Ha. Need. So cute. Admittedly, I've worked food service too, and that was worse than my time at Express, but retail is still miserable shit. A friend of mine worked for Banana for a while. All I can say is you need to work it to gain an understanding of just how terrible it is. As for the actual getting hired part, salesmanship and experience are all that matter. No one gives a shit how much you know about clothes. Hell, it's Banana Republic: knowing about clothes is not exactly going to make you enthusiastic.
post #25 of 36
Quote:
Originally Posted by LabelKing
That's the problem with shop help today. They don't know anything nor do they have pride in their product, which can also be said for quality of production as well.

The real problem is that the vast majority of people don't care enough to pay any extra or to shop somewhere more than a few steps away from the food court.
post #26 of 36
Quote:
Originally Posted by Arethusa
Ha.

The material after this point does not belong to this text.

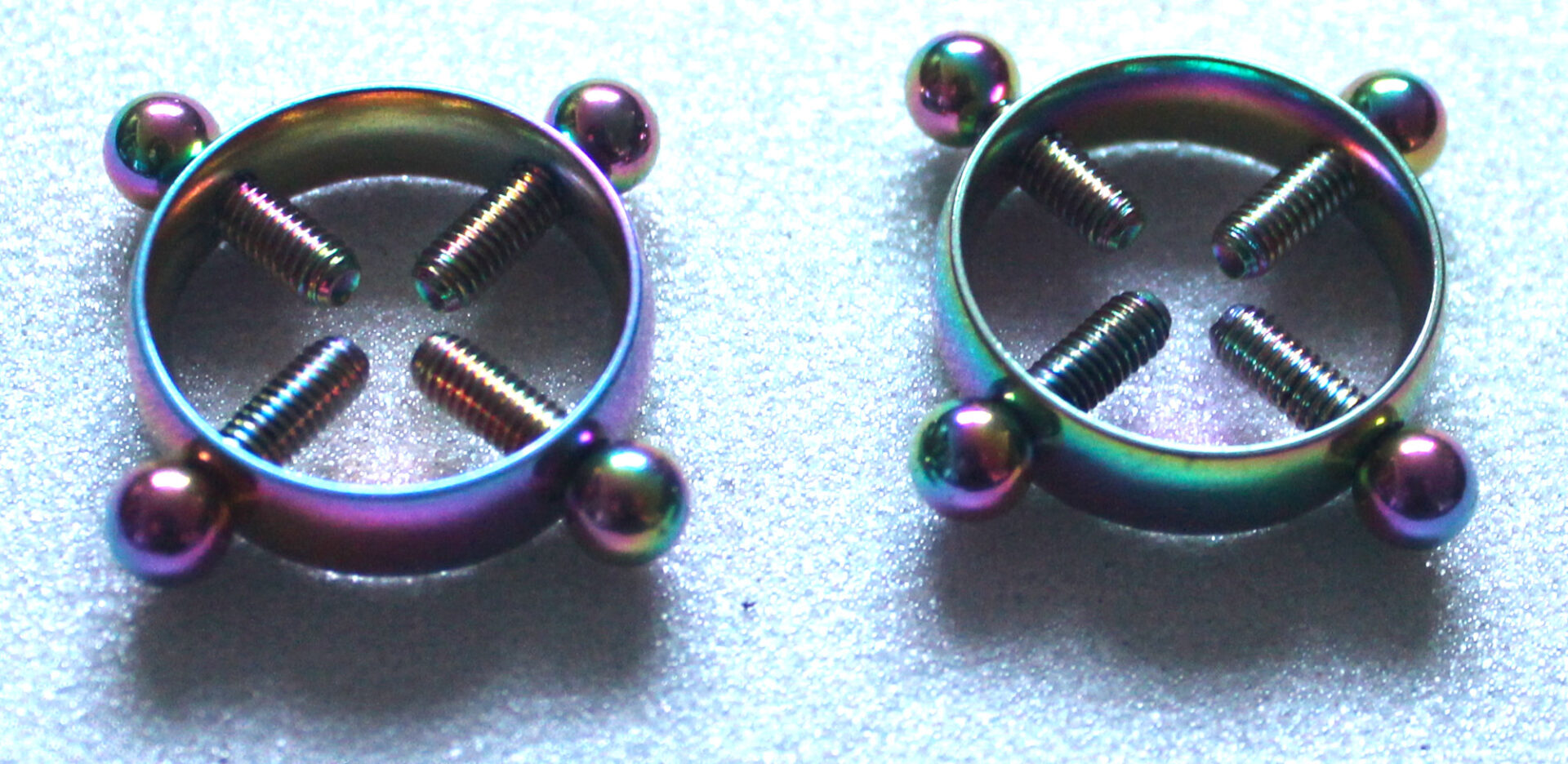 A gorgeous pair of circle nipple clamps with an amazing multicoloured finish. They are very adjustable, screwing closed in four ways, so you can achieve a comfortable fit for long term wear as a piece of jewellery, or a tighter pinch for a more painful/interesting clamp feel. The internal dimension of the clamp is 1.8cm. The price is for one pair of clamps.

Need. So cute.

Admittedly, I've worked food service too, and that was worse than my time at Express, but retail is still miserable shit. A friend of mine worked for Banana for a while. All I can say is you need to work it to gain an understanding of just how terrible it is.

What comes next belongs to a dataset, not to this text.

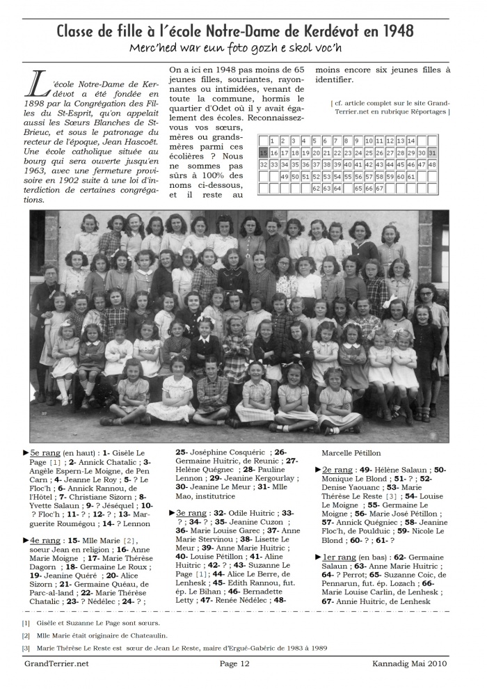 - Page 12 - Classe de fille à l’école Notre-Dame de Kerdévot en 1948

What's wrong with food service? I actually just graduated college and am applying only for service industry jobs because I hate white collar office environments so much that I would do anything to avoid them (in other words, not because of any limits on my degree). Sure, there's a lot of idiots working there, but there's just as many in your average office, and you get to meet a lot of interesting people and get a behind the scenes view of places most people take for granted. Retail's a little different, but that's because there's such a wide range of products to sell that it depends on what you're doing, and you don't get the perks of tips. But still, give me customer service over a cubicle any day.
post #27 of 36
Higher end food service is different. It's still damn hard work for relatively crappy pay, but it's tolerable, even if I want nothing to do with it if I can help it. If it isn't high end, on the other hand, it just flat out sucks. The work's hard, the pay's worthless, and in most cases, the managers are bastards. Retail is really not very far removed. I'm no fan of living in a cubicle either, but I vastly preferred an internship I did in an office to food service and retail. Aside: if you are even mildly intelligent and more mature than the average high school kid, do not ever work in a salon. That is all.
post #28 of 36
Thread Starter 
Quote:
I imagine training is not too far from what I did when had a stint at Jos. A Bank; they don't teach the relevant details, they just throw out buzzwords and hope the trainees learn just enough to BS like they know what they're talking about.
That's probably why I didn't get hired there...
post #29 of 36
Quote:
Originally Posted by Jovan
Banana Republic's opening soon here

Gainesville's finally getting a Banana Republic? I left in 1999, I heard there have been some changes. What a market - 40,000ish students with money to spend.
post #30 of 36
I think that for most shoppers, customer service is far more important than product knowledge. Of course, a customer expects the sales staff to be knowledgeable as far as what what the store offers, but the average BR/Gap/Macy's shopper doesn't particularly care about being educated about clothing while he/she shops. At most, they want to know "does this look good on me?", and I don't even think that's common, at least with male shoppers (unless the salesperson happens to be an attractive female, in which case, it's merely flirtation). It's more important that the sales associate be personable, alert and interested in servicing customers, which is all too rare. And, oh yeah, push those credit cards.